Redlock improves the availability of the lock when a Redis node fails, because it needs a majority of five independent nodes rather than one. It does not close the process-pause and clock-jump safety hole, and it does not produce a strictly monotonic number a resource can use to reject stale writes. Martin Kleppmann argues it is neither cheap enough for efficiency locks nor safe enough for correctness locks. For efficiency, a single Redis node is simpler.

What is a fencing token and why does it matter?

A fencing token is a strictly increasing number the lock service hands out on each successful acquisition. The client attaches it to every write, and the protected resource remembers the highest token it has seen and rejects any write carrying a lower one. The key consequence is architectural: the resource has to participate. A lock sitting off to the side can never be safe, because a stranded process can always wake up and write. Fencing makes the resource safe, not the lock.

Should I just increase the lock timeout to be safe?

No. A longer timeout shrinks the window where a paused holder overruns its lease, but it never closes it, and it makes liveness worse: a holder that actually died now blocks every other client for longer. You are trading a safety risk you cannot eliminate for a liveness cost that grows. The race is structural, not a tuning parameter. The real fixes are fencing at the resource or removing the need for the lock through idempotency.

When do I actually need a distributed lock instead of idempotency?

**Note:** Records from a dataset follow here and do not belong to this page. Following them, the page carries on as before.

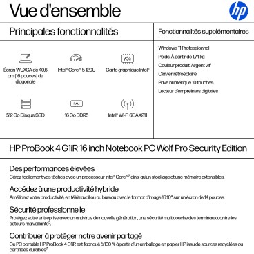 HP ProBook 4 G1iR Wolf Pro Security Edition, Intel Core 5, 40,6 cm (16"), 1920 x 1200 pixels, 16 Go, 512 Go, Windows 11 Pro
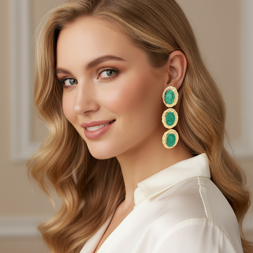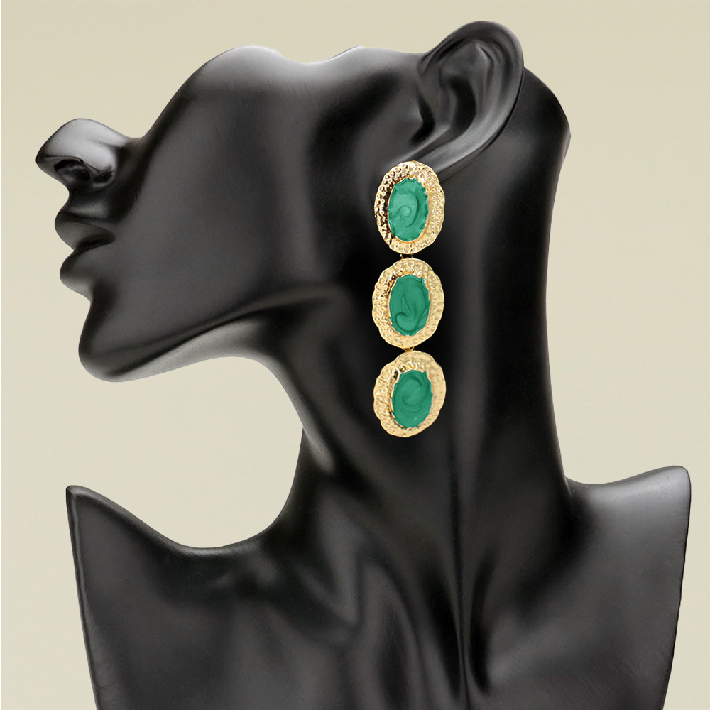 • Stylish triple oval drop earrings featuring marbled oval centers framed by textured metallic borders. The cascading design adds a touch of modern elegance, perfect for dressing up any outfit. Lightweight yet striking, ideal for parties, special events, or chic everyday wear.
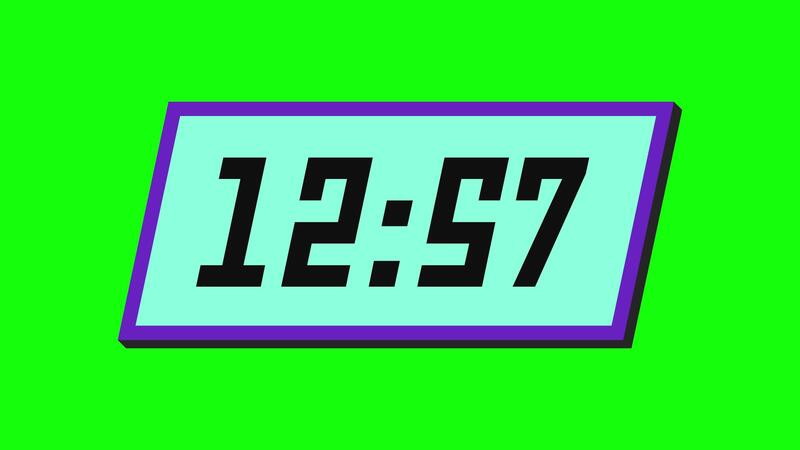 Digital countdown timer from 13 minute to 12 minute on a tilted rectangular display with a green background Free Video
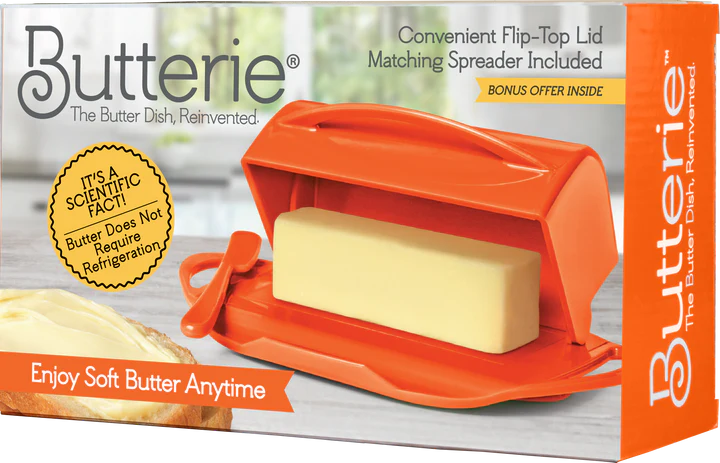 THE ORIGINAL FLIP-TOP BUTTER DISH: This clever butter dish is unlike any other. Its flip-top lid is attached to the base, making it all one piece. As a result, the lid never touches your butter or the counter, and you don’t have to worry about where to set the lid.
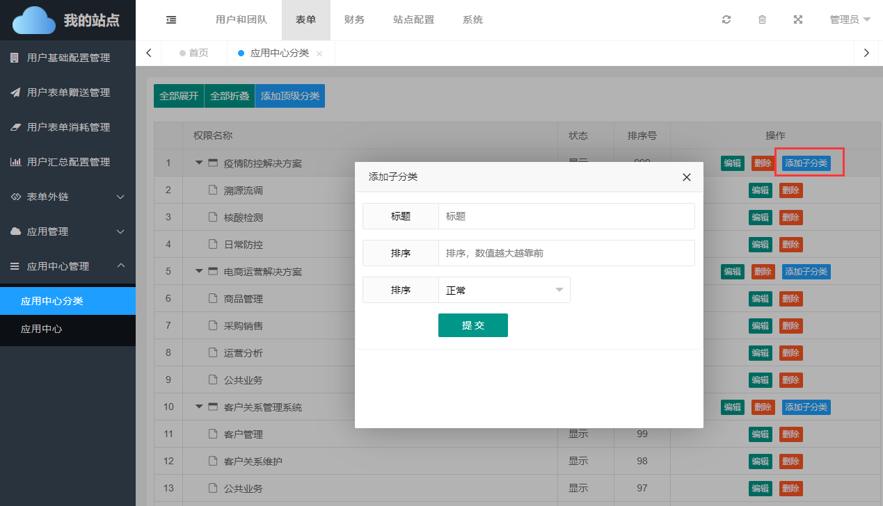 只有顶级分类可以添加子分类,添加子分类的方式和添加顶级分类类似,添加后的子分类,会出现在对应的顶级分类下。
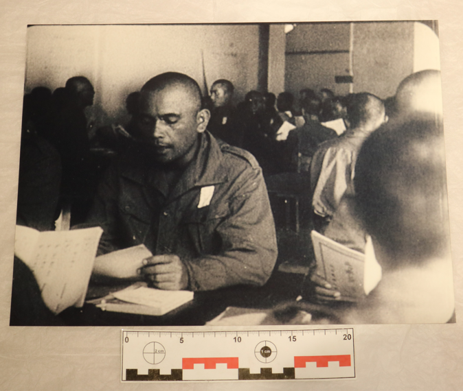 Foto berlatar hitam putih dengan bentuk lanskap persegi panjang. Foto memuat potret sekumpulan pria berambut plontos mengenakan seragam militer sedang duduk membaca buku berbahasa Jepang di dalam ruang kelas. Sisi belakang foto terdapat label NUP 140 dan label nomor 8. Resolusi foto buram, tetapi masih dalam kondisi baik dan terawat.
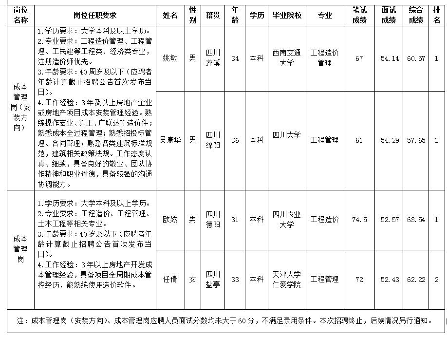 根據(jù)綿陽(yáng)市綿投置地有限公司發(fā)布的招聘公告及招聘相關(guān)規(guī)定,經(jīng)筆試、面試等程序,現(xiàn)將筆試、面試成績(jī)予以公示。
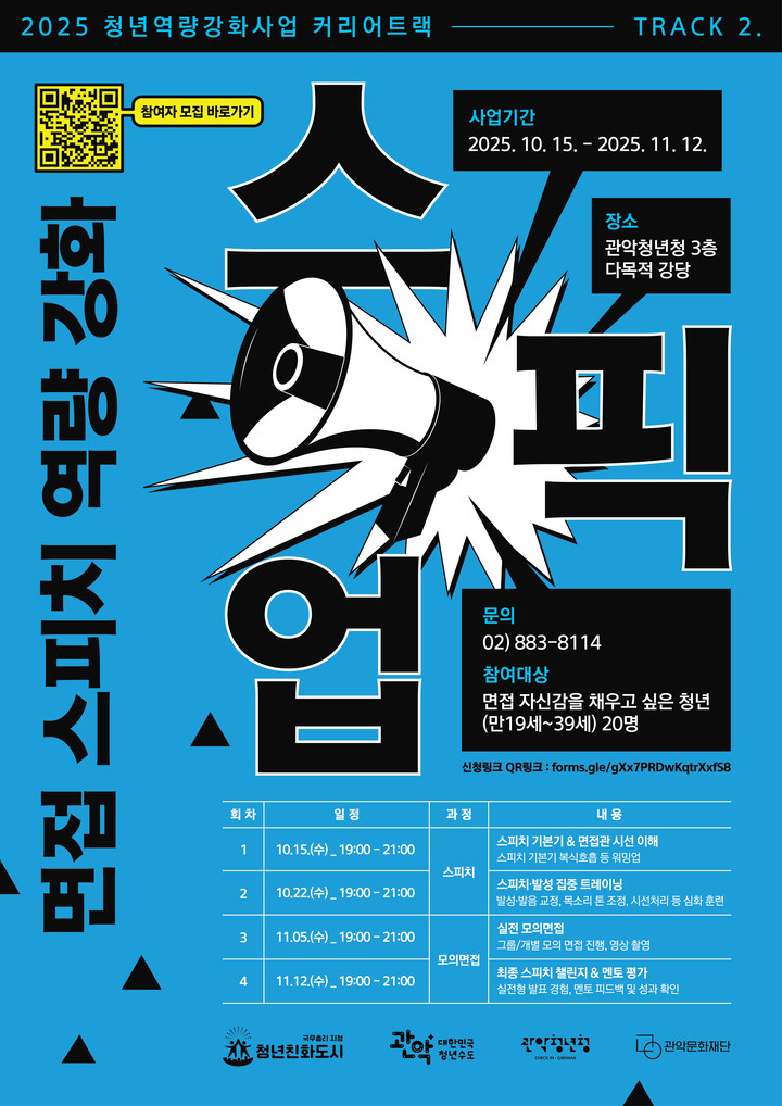 앞서 관악청년청은 지난 12일 ‘청년 역량 강화사업 커리어트랙 ’Track 2. 스픽업’ 프로그램을 성공적으로 마무리했다. 스피치와 모의면접으로 진행된 과정을 통해 100명의 청년의 면접에 대한 자신감을 높였으며, 실질적인 구직 역량을 강화할 수 있었다.

Idempotency handles duplicates of the same operation: process the same event twice, reach the same end state. It does not resolve two different concurrent writers racing to change the same thing in incompatible ways. That genuine mutual-exclusion case is where coordination earns its keep, and even there you fence at the resource. A large share of requests that sound like locks are really idempotency in disguise, so check which one you have before reaching for a coordination service.